A Man in Full
Reviewed by John H. Adams, April 1, 1999
The scene is post-Scarlett O’Hara’s Atlanta, the southern citadel that has recovered fabulously from its late fiery unpleasantness to become the Vatican of the commercial South. It is a city where the deal-makers who plot within towering glass buildings, Old Money and the nouveau riche dwell harmoniously with indigenous Southerners.
Well, then there’s Tom Wolfe’s discovery of Atlanta’s underbelly of inequitable materialism, which he describes in a rambling essay that lumbers for 742 pages, and then tumbles to incredulity, a literal Zeus ex machina.
With hubris in title (A Man in Full) and condescension in style (until the very end the author translates every southernism into fifth-grade English), Wolfe has produced a fat work that is lean in thought. But, it’s still fun to listen to the echoes of a region and to tune into a writer who is doing his best to avoid political correctness.

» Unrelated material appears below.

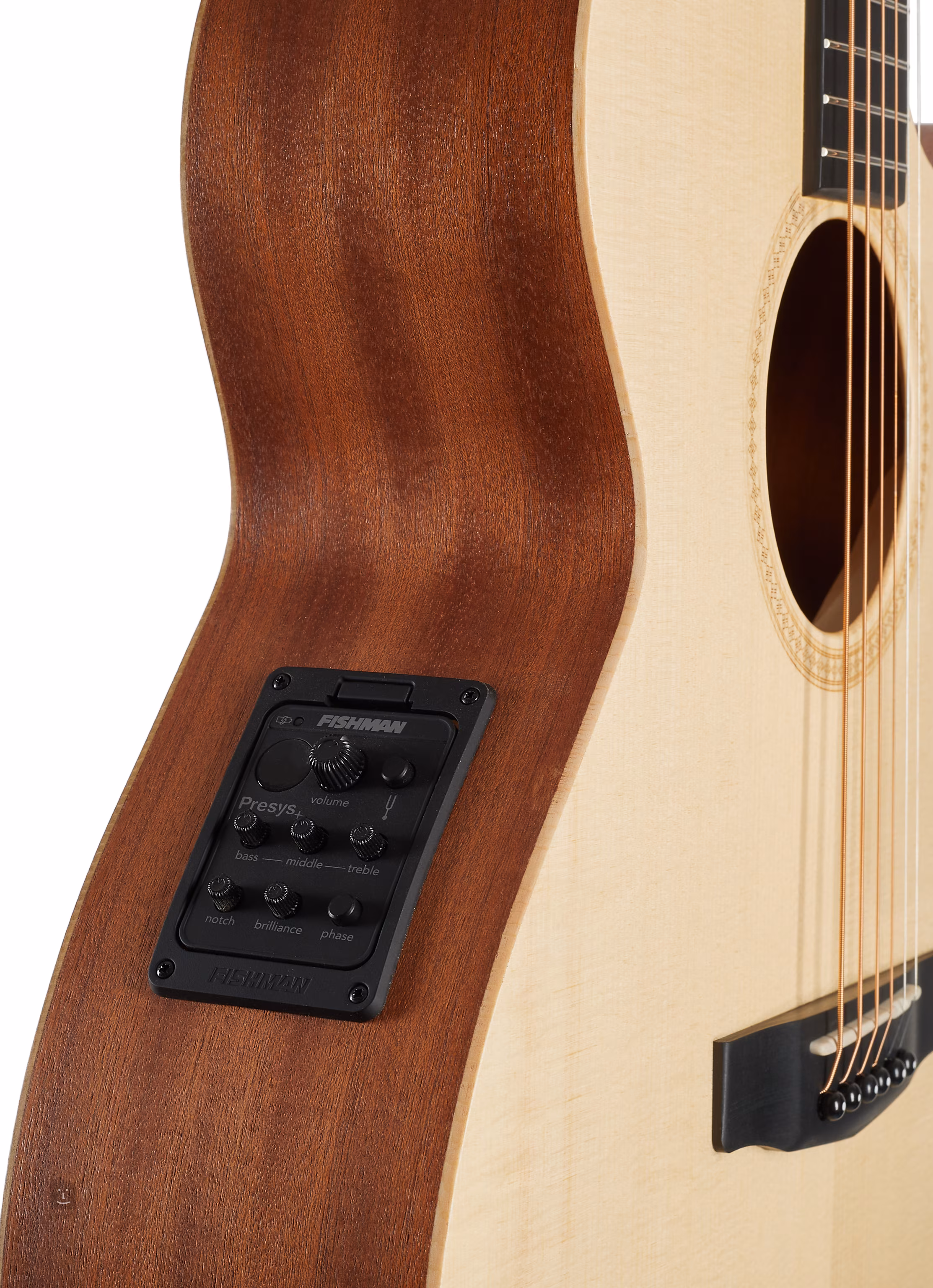 Predzosilňovač Fishman Presys+ v zadnej časti gitary spolu so subwooferom Fishman Sonicore predstavujú ideálne riešenie pre akustické gitary. Predzosilňovač je vybavený ovládačom hlasitosti, vstavanou ladičkou s LED displejom, trojpásmovým EQ doplneným ovládačmi filtrov Brilliance a Notch a funkciou Phase, ktorá obracia fázu a filtruje nežiaduce efekty spätnej väzby.

Being politically correct, in public affairs, is the centerpiece of today’s Atlanta. It is a city in which white corporations and profiteers make huge deals, for land, highways, infrastructure, with a government that is elected by the overwhelming black majority. Wolfe sneaks behind the scenes to discover that the moments of progress require some political and racial extortions.
Wolfe’s principal victim is Charlie Croker, a developer with a high-rise ego, a loud mouth, a power (second) wife, a 29,000-acre quail plantation, a gimpy leg from his Georgia Tech football games, jet planes and more debts than assets. Croker is coming down, down, down, down, like Jonah, and he would have drowned without the divine intervention of Zeus.
Thus, the hero gains a quirky redemption. It is less than one might expect from the title. A Man in Full begs a Chalcedonian resolution, even an allegorical messiah, a modern Billy Budd. But Wolfe permits nary a snippet of Christian thought to elide into A Man in Full. He settles for unconvincing secular redemtpion of a self-righteous, rubish Georgia cracker whose one brief moment of truth brought down his empire.
But we should not have expected Wolfe, a fine writer with a minimalist’s world view, to educe a better person from A Man in Full. Since The Right Stuff, and its appealing heroes, Wolfe has produced two cult novels: the cults of Wall Street (Bonfire of the Vanities) and now Atlanta.
Wolfe writes to entertain, and that he does remarkably better than most American novelists. He has a laser eye and a sonar ear for details. Some scenes (Croker being sandbagged by bankers and hosting a quail hunt and dinner) are roaring testimony to the power of the written word, which when rightly crafted, can still produce sweat, racing heartbeats, anger and guffaws.
But those vignettes are fleeting, and so, we suspect, will be the Charlie Crokers whose emerging human fullness means no more than sillyputty. It is a sad truth that such a fine craftsman as Tom Wolfe imparts the sort of amusement that makes you regret the price you paid to escape boredom.